Возле лифта его поджидали двое. Он уже начал привыкать, что его сопровождают парами. Корсаков нажал кнопку вызова, взглянул на провожатых. Встретишь таких на улице — ничего плохого не подумаешь. Ну, в черных костюмах парни. Может они с похорон, вон и лица подобающие. Как в начале поминок, когда все еще трезвые, не рассказывают вполголоса анекдоты, не поют, сначала с надрывом, со слезой, а потом уже и с удалью, народные песни. «…в той степи-и глухой, за-амерзал ямщик!!!»

Джипы подогнали к подъезду. Мужчина, говоривший с Корсаковым, вопросительно посмотрел на него.

— Прошу прощения, — буркнул Игорь, — пришлось задержаться. Семейные неурядицы.

Мужчина кивнул и открыл перед Корсаковым заднюю дверцу. Сопровождающие его от лифта мужчины уселись с двух сторон, слегка сжав его плечами. Один из них достал из кармана черный шелковый платок, сложил его в несколько слоев и ловко завязал Корсакову глаза. Машина тронулась, в салоне было тихо. Провожатые молчали, двигатель работал чуть слышно. Игорь потянул носом. Пахло не то микстурой, не то ладаном. Он пошевелился.

— Закурить можно?

— Придется потерпеть, — голос был равнодушный, но чувствовалось, что его обладатель в дискуссии вступать не намерен.

После напряжения последних часов Корсаков почувствовал странную расслабленность — бесполезные метания закончились и впереди было что-то определенное: не было неизвестности, не было страхов… хотя нет, страх остался. Но теперь он принял конкретные формы и образы в виде людей, заставивших Корсакова сдаться.

Шелк на глазах был почти неосязаем и ему показалось, что все это уже происходило: так же везли его, завязав глаза, так же сидели рядом молчаливые спутники. Только было это очень давно. Так давно, что память сохранила лишь обрывки воспоминаний.

Он смотрел как бы со стороны на разворачивающееся действие, словно наблюдал из ложи за театральной постановкой. Вот его ведут с завязанными глазами по длинным коридорам. На нем белая рубашка с распахнутым воротом, руки связаны за спиной. В небольшой комнате с задрапированными черной материей стенами с глаз снимают повязку. На столе лежит череп, по стенам надписи: «Уходи, если тебя влечет пустое любопытство», «Не будь скрытным — мы прочтем все в глубине твоего сердца», «От тебя могут потребовать больших жертв, даже жизни, готов ли ты на это?». Что за бред: прочтем в сердце, готов ли отдать жизнь? И все же он ощущает, как начинает быстрее бежать кровь, словно вновь слышит свист пуль и звон клинков. Скука мирных дней, бессмысленные пьянки, смотры, парады… может хоть так удастся выбиться из череды тоскливых будней, обрести смысл существования?

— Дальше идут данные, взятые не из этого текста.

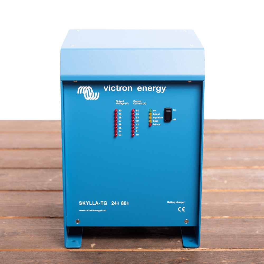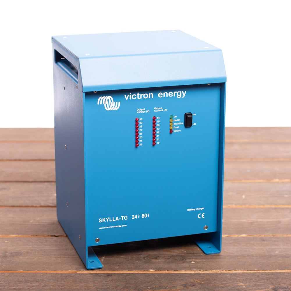 De Victron Skylla-TG 24/80 (1+1) is een veelzijdige krachtige 24V acculader. De Skylla-TG is licht en compact en de laad-spanning kan aangepast worden aan elk type open of gesloten accu. De Skylla-TG wordt veel toegepast in situaties waar snel en veilig acculaden van belang is.

Ему подают листок бумаги, перо, предлагают ответить на вопросы. Обязанности человека к Отечеству, к самому себе, к своим ближним? Ну что ж, его научили, что писать в ответах — извольте господа, если невозможно обойтись без этой театральщины. Снова завязывают глаза, куда-то ведут.

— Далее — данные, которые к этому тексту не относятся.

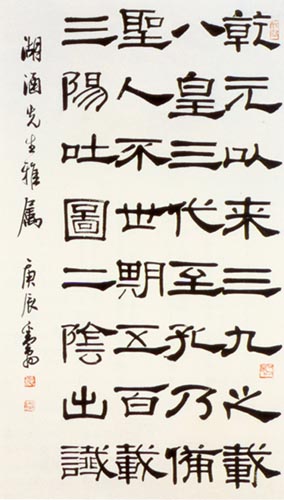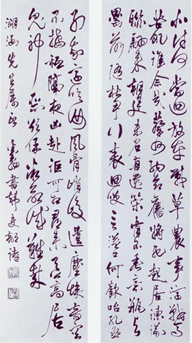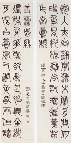 邓散木先生( 1898 年至 1963 年)号钝铁,又号粪翁,晚年一号废,故又号一足,上海市人,1954 年以后定居北京,直至逝世。散老早在上世纪 30 年代就在上海成名,与白蕉先生多次在沪上办展览,曾风靡上海。书法真、草、隶、篆四体兼擅,书法之外,尤精篆刻,有“北齐南邓”之称。著有《三长两短斋印 存》、《篆刻学》、《书法学习要读》等。 1962 年散老所作的行书条幅,书写的是唐代李白的《荆门送别》。这是散老的晚年书作,书风凝练、平淡,整幅作品洋溢着温柔敦厚的气息。用笔精到轻灵,字与字之间 牵丝映带自然,生动细腻。有些字笔划本身写得比较轻细,但仍有粗细变化,显得温婉流畅,姿态万千。在结体上,有《圣教》、《兰亭》的影子,流利妍美;“远 ”、“送”等字,又有唐欧阳询的遗意,险劲清刚,不失沉厚之态。在章法布局上,属疏朗匀停一路,不徐不疾,一气贯通。在以行草书为主体的前提下,间杂草 字,显得和谐自然。 邓散木,篆书,水墨纸本,对联 邓散木,隶书,立轴,水墨纸本 邓散木,行草四屏,立轴水墨纸本 另一件草书条幅,写的毛泽东的词《忆秦娥·娄山关》。散老精于草法,所作草书笔势活泼巨动,但又沉稳不浮,或曲 线婉转流动,或直线劲挺贯穿,笔断而意不绝,行尽而势不尽,满纸云烟缭绕。结构省简,点画牵连,密而不挤,疏而不散,章法上纵有行,横无列,既有魏晋风 骨,又有唐宋遗韵,字字珠玑,通篇精彩。欣赏 幅草书,我们仿佛在观赏敦煌壁画,字字若飞天之神临风起舞,时而平驰,时而斜出,时而升仰,时而俯下,百姿千态,令人产生丰富的瑕想。 这两件墨宝我早已把它们装裱成轴子,陪伴笔者度过了 40 多年的时光,每每欣赏散老的墨宝,笔者从内心深处感念散木先生书法艺术的博大精深。 |

— Приведите его к «Востоку».

К востоку? Ах да, Восток у них — место, откуда исходит мудрость веков, или что-то в этом роде. И снова вопросы, и кто-то шепчет в ухо, что нужно отвечать. Холодная сталь упирается в грудь, острие прокалывает кожу. Бывало и хуже. Бывало, что не только шкуру, но и тело пробивала насквозь сталь или свинец.

— Ты жаждешь света и хочешь стать членом нашей ложи?

Откровенно говоря, мне все равно, но, почему бы не попробовать?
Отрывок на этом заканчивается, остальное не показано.